Exercise |
Starting at the first line of the data and ending at the line with "Готовая домашняя работа", copy each line exactly. Include both of those lines, but no pictures.

Material for this exercise |
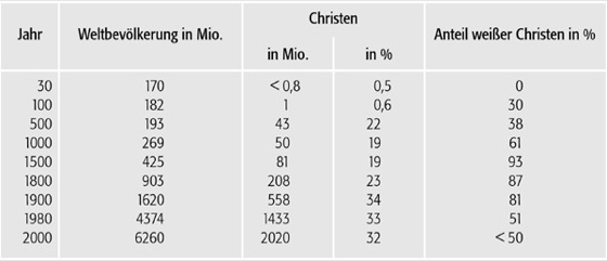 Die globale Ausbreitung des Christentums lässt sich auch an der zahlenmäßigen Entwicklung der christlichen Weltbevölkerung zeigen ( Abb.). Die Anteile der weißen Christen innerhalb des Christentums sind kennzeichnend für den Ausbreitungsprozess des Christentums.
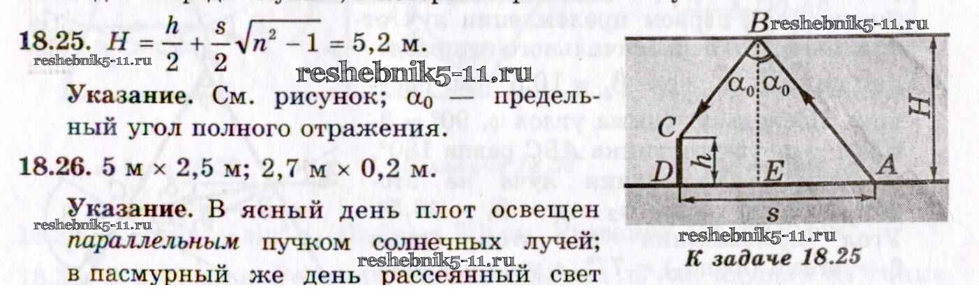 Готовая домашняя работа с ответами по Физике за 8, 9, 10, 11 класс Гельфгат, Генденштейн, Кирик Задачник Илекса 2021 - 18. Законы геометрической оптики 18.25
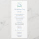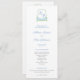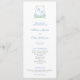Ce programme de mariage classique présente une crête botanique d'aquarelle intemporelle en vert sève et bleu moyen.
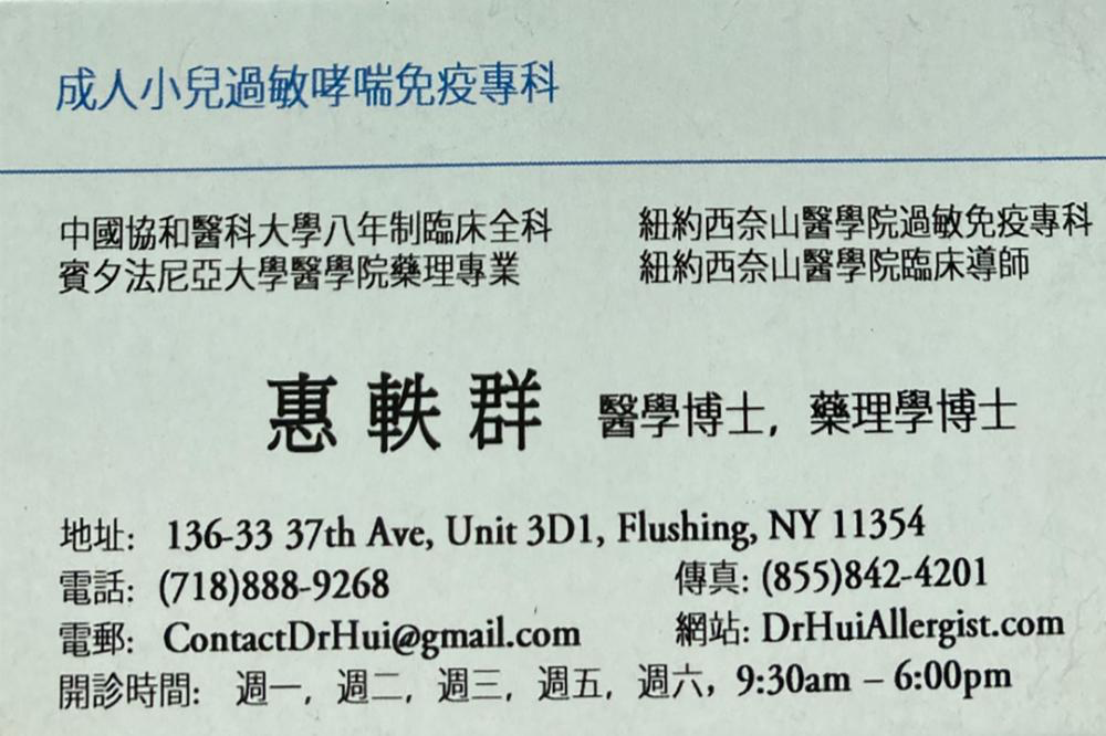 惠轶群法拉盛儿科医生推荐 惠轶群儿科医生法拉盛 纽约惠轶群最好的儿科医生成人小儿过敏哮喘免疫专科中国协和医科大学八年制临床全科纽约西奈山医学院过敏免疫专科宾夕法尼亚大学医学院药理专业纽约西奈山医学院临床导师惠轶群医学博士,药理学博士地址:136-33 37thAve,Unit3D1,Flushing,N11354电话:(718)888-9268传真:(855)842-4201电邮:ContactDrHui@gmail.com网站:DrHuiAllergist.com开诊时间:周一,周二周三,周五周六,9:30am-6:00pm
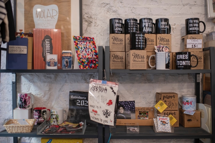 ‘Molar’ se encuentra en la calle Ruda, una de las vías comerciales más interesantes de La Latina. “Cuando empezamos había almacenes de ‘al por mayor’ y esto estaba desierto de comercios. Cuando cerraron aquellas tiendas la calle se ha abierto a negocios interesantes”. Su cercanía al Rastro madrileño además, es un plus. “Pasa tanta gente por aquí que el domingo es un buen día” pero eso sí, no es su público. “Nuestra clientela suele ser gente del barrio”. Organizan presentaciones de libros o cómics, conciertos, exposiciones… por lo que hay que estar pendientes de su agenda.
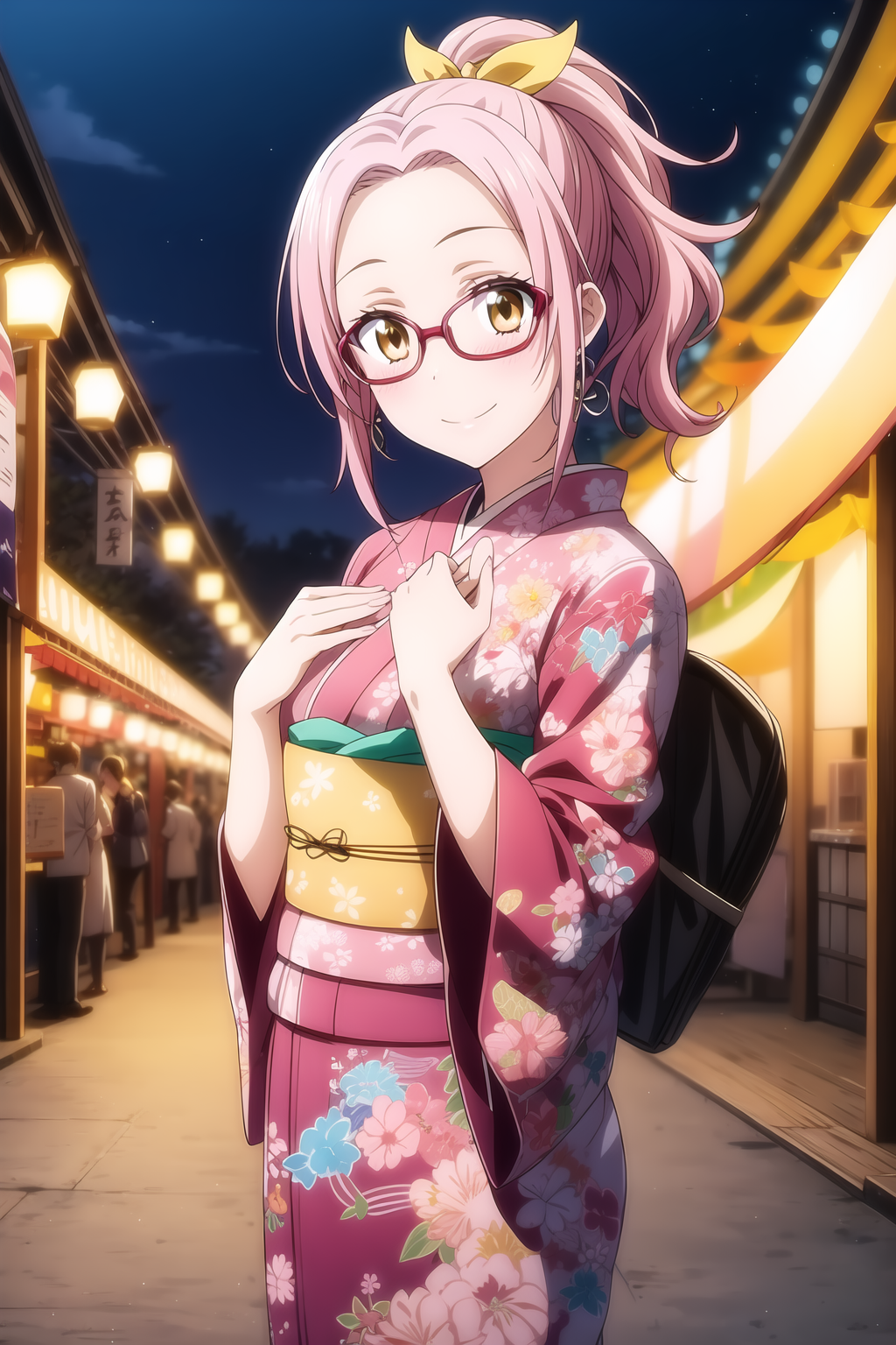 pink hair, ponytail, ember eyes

Result |
 Die globale Ausbreitung des Christentums lässt sich auch an der zahlenmäßigen Entwicklung der christlichen Weltbevölkerung zeigen ( Abb.). Die Anteile der weißen Christen innerhalb des Christentums sind kennzeichnend für den Ausbreitungsprozess des Christentums.
 Готовая домашняя работа с ответами по Физике за 8, 9, 10, 11 класс Гельфгат, Генденштейн, Кирик Задачник Илекса 2021 - 18. Законы геометрической оптики 18.25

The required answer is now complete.